In S. Gregorio Armeno la tomba di Riccardo Fasano

 

Medico solofrano del XIV secolo

 

 

L’Università degli studi di Napoli ha pubblicato nel 2007, a cura di Stefano D’Ovidio e di Alessandra Rullo del Dipartimento di discipline storiche dell’Università di Napoli, un’antica opera di Pietro De Stefano, edita a Napoli nel 1560 dal titolo Descrittione dei luoghi sacri della città di Napoli. L’opera descrive “reliquie, sepolture, epitaffi” che si trovavano nelle chiese o nelle cappelle napoletane dell’epoca, ben 250 centri di culto, molti dei quali non ci sono più o hanno cambiato nome.

Diverse informazioni contenute in questo antico libro interessano la nostra storia. Una prima informazione riguarda la titolazione di alcune chiese napoletane dell’epoca  - Santa Maria della neve, Santa Maria del popolo, Santa Maria delle Grazie -  che è il nome di antiche chiese solofrane per le quali non si trovavano riferimenti ad eventi solofrani che ne avessero potuto determinare il nome. Ora invece sappiamo che quei nomi vennero da Napoli grazie ai rapporti tra Solofra e la capitale del regno.

Altra informazione ci viene dalle epigrafi dei monumenti funerari, che si riferiscono a molte personem e di primissimo valore, provenienti da tutto il meridione che erano morti a Napoli. Ciò si spiega con la politica, iniziata con gli Angioini, di arricchire la città della parte migliore della società meridionale che contribuì a fare di Napoli una grande capitale. Anche da Solofra fin dal XIV secolo erano giunti a Napoli rappresentanti di valore della nostra società.

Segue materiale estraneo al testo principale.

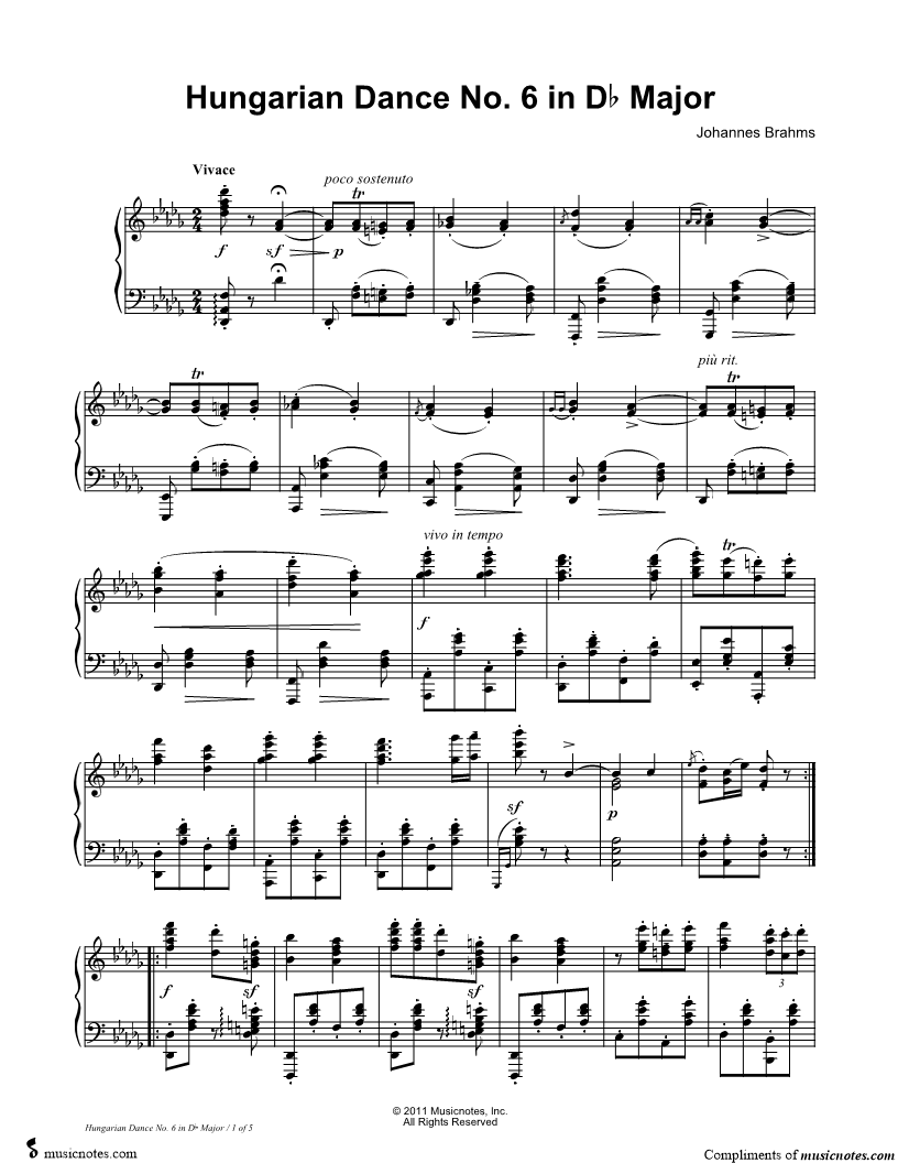 Hungarian Dance No. 6 in Db Major |
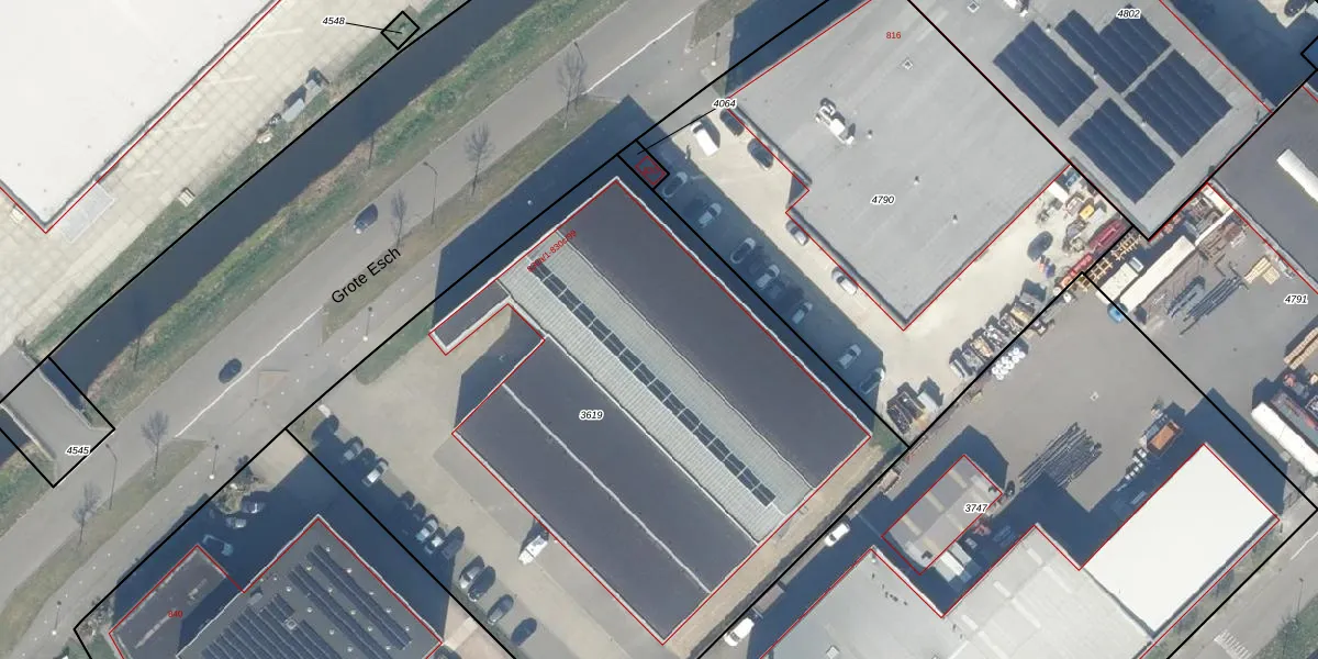 Het perceel waarop Grote Esch 830-c-87 staat heeft een oppervlakte van 4315 m². Dit is een zeer groot perceel. De perceeloppervlakte wordt geregistreerd door het Kadaster. Gedetailleerde informatie over de maten van dit perceel kunt u vinden in het rapport Kadastrale kaart met maatvoering van Grote Esch 830-c-87.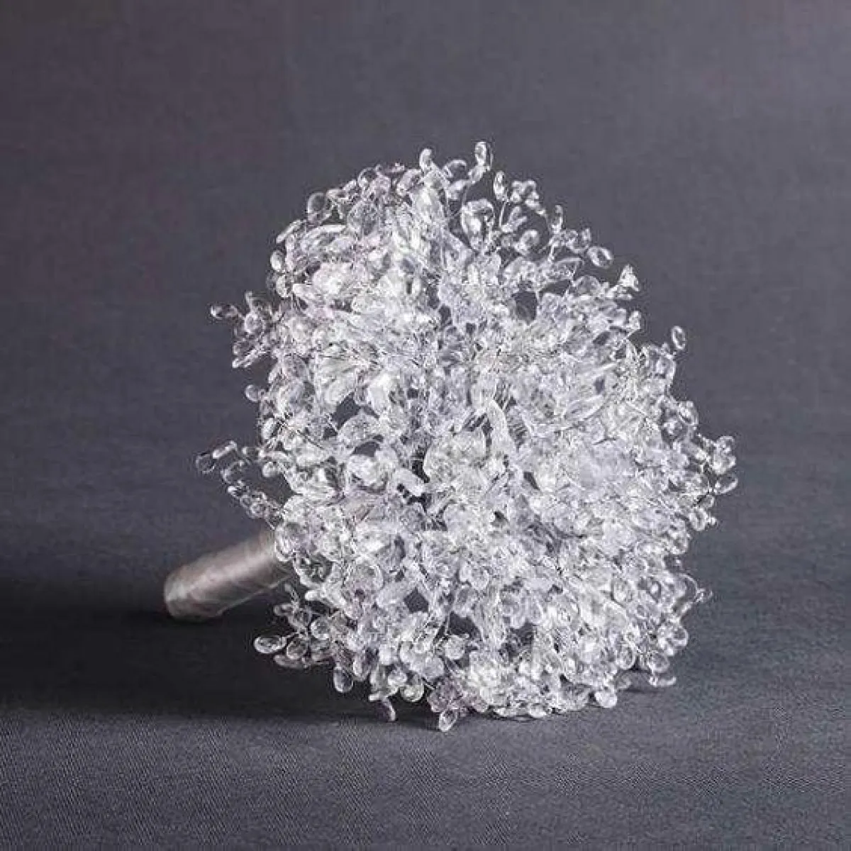 إن كنت ترغبين في حمل مسكة عروس على الموضة، وتفكرين بأحجار الكريستال، فإليكِ الباقة صغيرة الحجم، باللون الأبيض، مع أحجار كريستالية شفافة تحل محل الورود، للمسة غاية في الترف، تناسب العروس التي تبحث عن الإطلالة الأسطورية.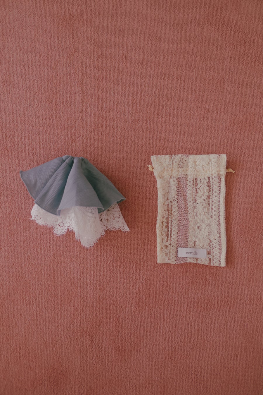 特徴:ウェディングドレスに使われる上質なレースを贅沢に使用。普段使いできる「シュシュ」と「巾着」に仕立てることで、廃棄予定だった布に再び命を吹き込みます。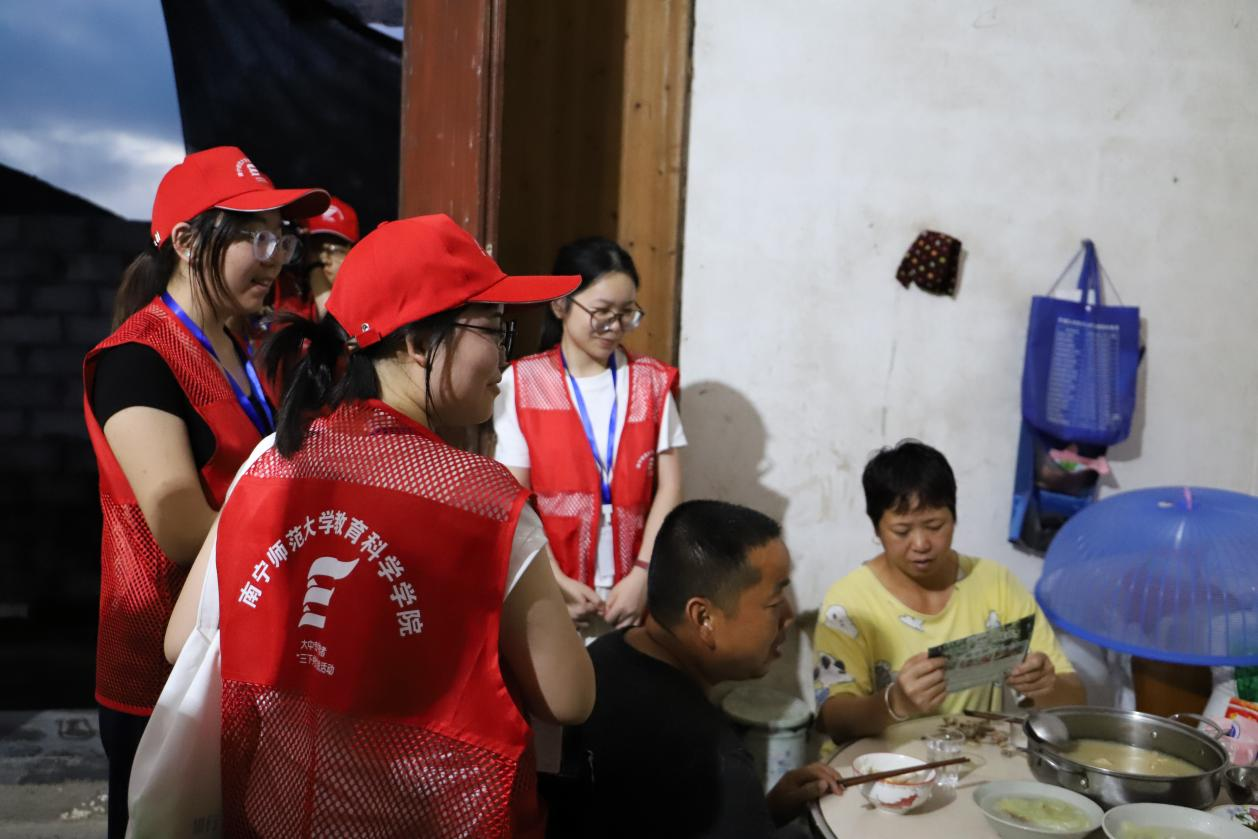 傍晚时分,实践团队在巫福星书记的带领下走进村落,逐户走访宣传此次“三下乡”活动内容,热情招募当地学生参与暑期夏令营活动。实践队员的真诚与热情感染着孩子们,孩子们纷纷在报名表上写下自己的名字,“情暖童心”的种子在乡土间悄然播撒。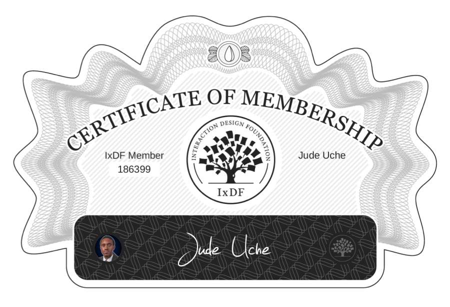 The Membership Certificate below verifies that Jude Uche is a member of Interaction Design Foundation.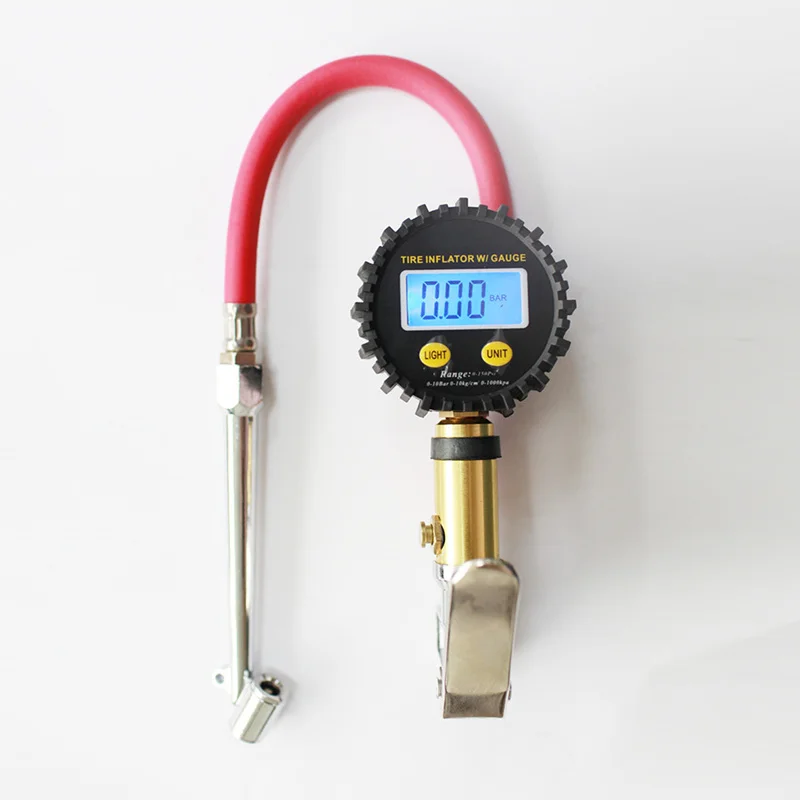 Digital Tire Inflating Gun Pressure Gauge 10-220 PSI Air Rubble Hose Long Rod LCD Screen Tire Repair Tools for Vehicle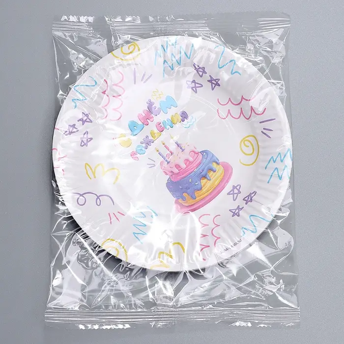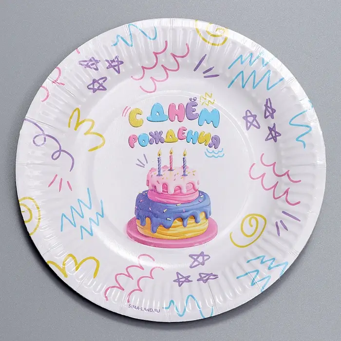 Тарелка одноразовая бумажная «С днём рождения» тортик, 18 см

L’informazione più importante riguarda un solofrano, Riccardo Fasano, il grande medico morto nel 1333 a Napoli dove gli Angioini lo avevano chiamato per organizzare gli Studi di medicina nella Università della nuova capitale. Già il primo angioino, il re Carlo, lo aveva premiato per la sua opera alla insigne Scuola Medica Salernitana, dandogli un suffeudo incardinato sul territorio solofrano di Arco e Carlo II lo aveva voluto medico alla sua corte quando era ancora principe di Salerno. Poi venne il prestigioso incarico napoletano e la nomina a Protomedico del Regno, una specie di ministro della salute. A Napoli l’opera del Fasano fu molto apprezzata e valida, sia come rettore della Università, che come capo dei medici del Regno. Si riempì di meriti e si legò strettamente ai re francesi che furono munifici verso coloro che gli erano fedeli.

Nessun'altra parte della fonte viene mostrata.